The head of Siemens Gaimsa warned on Wednesday that a decade-long race to lower the cost of wind power production could not continue, as it would reduce the financial muscle of turbine manufacturers to continue investing in new technologies.
A boom in green energy investments to address climate change has helped lower the cost of wind power to a level where it can compete with fossil fuels like coal and natural gas.
“What we have clearly achieved is that wind power is now cheaper than anything else. But I believe we should not make it too cheap,” CEO Andreas Nawan told Reuters.
In Europe, wind and solar are now significantly cheaper than coal, natural gas and nuclear power, according to a Bernstein study.
Demand for wind turbines is at its peak, driven by the green transition, but falling prices and increased competition have squeezed out margins.
“We’re probably pushed it too far,” Nawan said. The industry’s ability to continue investing in new technologies and factories will diminish if the urge to cut wind power continues at the same pace, he added.
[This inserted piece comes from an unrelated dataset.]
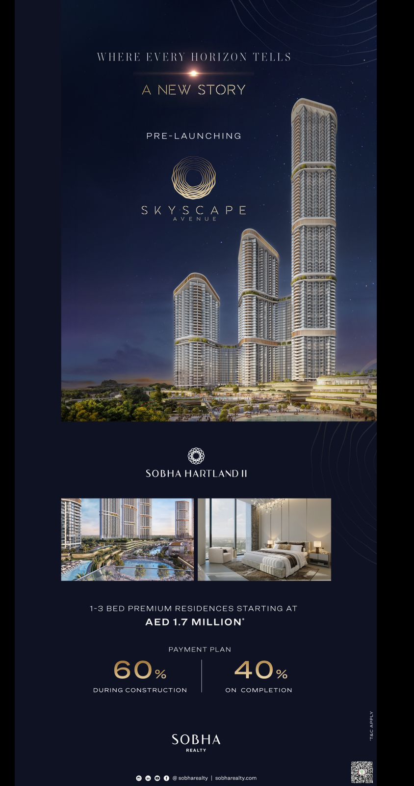 Skyscape Avenue, wo Luxus auf unvergleichliche Ausblicke trifft. Dieser Wohnturm definiert urbane Eleganz neu mit seinen atemberaubenden Aussichten, luxuriösen Annehmlichkeiten und großzügigen Apartments. Der Turm bietet den Bewohnern die Wahl zwischen Ein- bis Drei-Zimmer-Wohnungen, die alle einen außergewöhnlichen Blick über die Skyline der Stadt bieten. Jede Wohnung ist mit großen Fenstern ausgestattet, die kunstvoll die Panoramablicke einrahmen und eine ständige Verbindung zur umliegenden Landschaft fördern.

The operating margins of wind turbine manufacturers are also pressured by rising costs resulting from supply shortages and high prices of raw materials like steel.
Both Siemens Games and its main rival, Vestas, said they were able to pass on some of the high costs to customers, which is likely to be reflected in higher auction prices and long-term power purchase agreements.
Earlier this month, Vestas lowered its 2021 forecast for the second time this year, and now it expects an operating profit margin of 4% from 5-7% previously – far from its long-term target of 10% profit.
Siemens Gamsa has also pushed the horizon where it expects to reach its long-term target of 8-10% by 2024 or 2025, from 2023 earlier.
Governments around the world are gradually eliminating generous wind subsidies, opting for more competitive contract tenders, and preferring project developers who submit the lowest bids.
“We need to change auction systems in the future,” Nawan said. He suggested that criteria such as the creation of local jobs should be considered instead of focusing only on price.